# Inconsistent shots



## Brad1234 (Sep 30, 2019)

Hi there. I have a sage duo temp and sage smart grinder and am struggling to get consistently good shots. I normally go on grind size 9 on my smart grinder. And work from there.

I'm dosing 17g to get out 34g in a 1:2 ratio. However when I did this on grind size 9 it was taking 33 seconds to reach this output but the shot tasted bitter.

So I decided to go to grind size 10 and go coarser to hopefully get rid of the bitterness but this shot came out in 26 seconds and tasted sour. I'm struggling to get a balanced shot from between just two grind sizes one size is sour the other is bitter. Even though I'm stopping the shot within my range of 34g out.

Any suggestions?


----------



## El carajillo (Mar 16, 2013)

Try pulling a shorter shot ie at the no 9 setting, dose 17 gms then stop at 28 gms, this shold give you a sweeter shot with good mouth feel. Ie 1 to 1.6


----------



## Brad1234 (Sep 30, 2019)

El carajillo said:


> Try pulling a shorter shot ie at the no 9 setting, dose 17 gms then stop at 28 gms, this shold give you a sweeter shot with good mouth feel. Ie 1 to 1.6


 I'll try this tomorrow! I've gone through a lot of coffee trying to get it perfect and it's just frustrating me haha!


----------



## Brad1234 (Sep 30, 2019)

Also my machine has pre infusion (8-10 seconds) normally. Do I take this into my brew time of 28-35 seconds etc? because after the 10 seconds infusion my coffee then only has 18seconds to come out which is very underextracted


----------



## Rob1 (Apr 9, 2015)

Yes pre-infusion time is part of extraction time but don't worry about time really go by taste. Some coffees might have bitter notes to them sometimes because of the roast and probably sometimes because of defects/age which maybe you can lessen by decreasing output. Unlikely to be over extracting with your ratio and time...though maybe if it's a dark roast and you're actually running the shot for 43 seconds you could be almost there.


----------



## Brad1234 (Sep 30, 2019)

Rob1 said:


> Yes pre-infusion time is part of extraction time but don't worry about time really go by taste. Some coffees might have bitter notes to them sometimes because of the roast and probably sometimes because of defects/age which maybe you can lessen by decreasing output. Unlikely to be over extracting with your ratio and time...though maybe if it's a dark roast and you're actually running the shot for 43 seconds you could be almost there.
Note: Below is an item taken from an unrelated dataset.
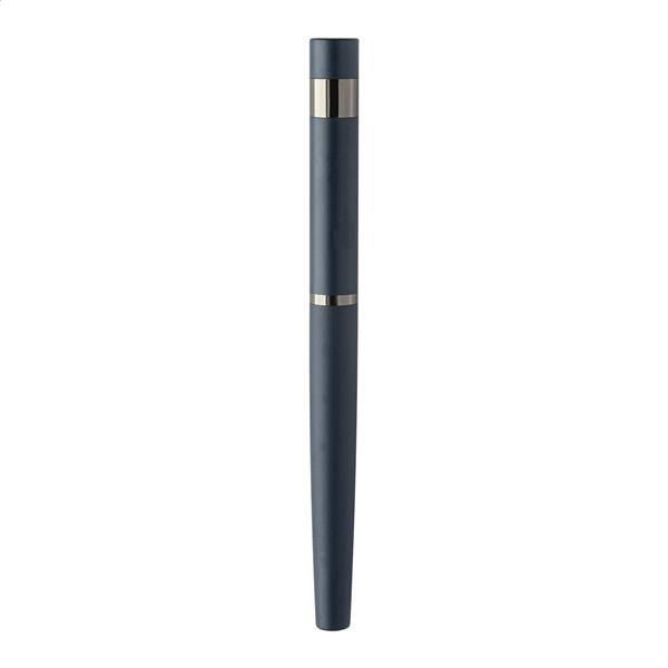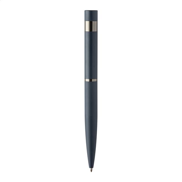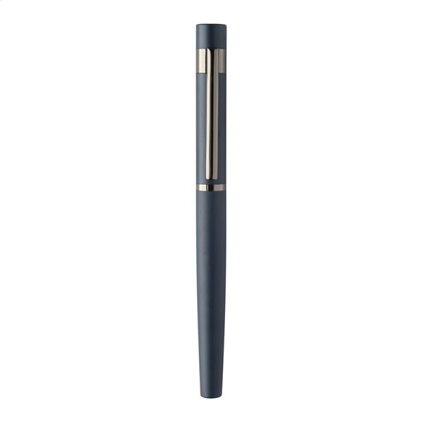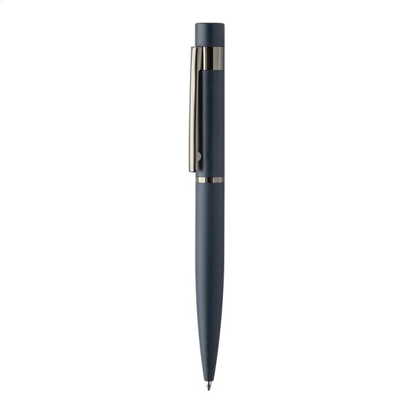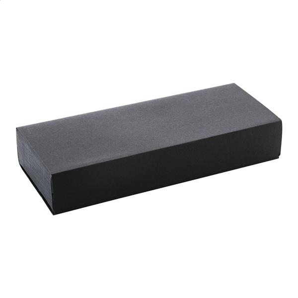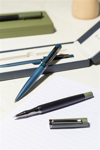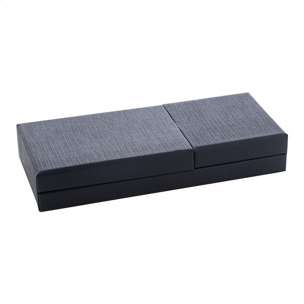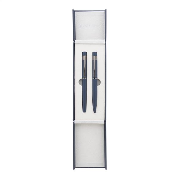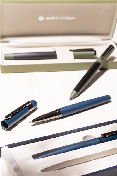 Elegancki, metalowy zestaw składający się z długopisu i pióra kulkowego z błyszczącymi, grafitowymi detalami. W pasującym kolorystycznie pudełku prezentowym, z niebieskim wkładem. Produkt marki André Philippe.

 Thing is the PF can take like 10 plus seconds and by the time I've reached my output say 34g it's at like 53 seconds and my coffee is so bitter! I pulled an okay shot earlier but still had acidic back notes.


----------



## Rob1 (Apr 9, 2015)

Acidic = sour?

Ok what are your weights and times from the moment you start the pump? Because earlier you said 30 odd seconds then told us you didn't include a 10 second pre infusion and now you're quoting 50 odd seconds....

Are you purging the grinder? Single dosing? What coffee are you using? Is it light or dark roast? Fresh?
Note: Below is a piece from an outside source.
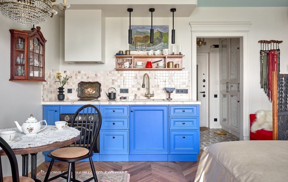 Заказчица хотела интерьер, который передавал бы атмосферу Франции, с интеллектуальными нотками, уютом и теплом Место: Москва Метраж: 25 кв. м Комнаты: 1 Cанузлы: 1 Высота потолков: 2,6 м Бюджет: 2 млн рублей Дизайн: Арина Дудникова Фото: Сергей Благодыр Хозяйка квартиры работает врачом-сомнологом. Перед дизайнером Ариной Дудниковой стояла увлекательная задача — создать яркое и живое пространство, без привычных серо-бежевых сочетаний. Особое внимание уделялось функциональности: интерьер должен быть удобным для жизни, продуманным и наполненным историей, деталями и многогранностью. В небольшой студии удалось разместить спальню, кухню, рабочую зону и уголок для отдыха. Также в квартире есть небольшая прихожая и совмещенный санузел. Студия находится на тридцатом этаже, и потолок решили сделать продолжением пространства за окном. Для этого выкрасили его в цвет неба, а стены — в приятный жемчужный оттенок. Ориентация квартиры на закат вдохновила на использование сочных оттенков, впитывающих с

Generally if you're getting bitterness and your shot is taking a long time you should coarsen the grind, but if you do this you get a sour shot? If it's coming through ok and it's taking 30+ seconds you can increase yield to get past the sourness. You could also decrease yield to try to avoid bitterness.


----------



## ajohn (Sep 23, 2017)

You may get better responses in the Sage forum. It's always better to use the machine forums.

My recollection from the BE that probably uses the same brew pressure range and 10 sec pre infusion is that generally shot times were over 30secs. The BE is volumetric so no need for me to worry about time.  Made my prep look better than it really was too.

Assuming you are drinking espresso the usual suggestion is to grind finer to increase extraction when this problem crops up not coarser. It could go either way. Beans vary according to where they come from. There is also the possibility of altering time as well. No rules and a necessary but tedious process that has to be gone through even on my americano any time I try a new bean. Practice speeds the process up.

Really it would be best to know *what beans you are using and where they were bought from*. If you happen to be using one that's popular for milk based drinks it could be entirely unsuitable for espresso. In that case the single basket might be an option and may be anyway. Either way I would suggest you at least try the ratio Sage suggest which is a little over 3 eg 18 in 60 out, 10 in 30 out.

I don't use it but one way of counting for infusion is to time from flow. I'd suggest 25 sec but remember when you find something that seems better that's probably the best time to vary that.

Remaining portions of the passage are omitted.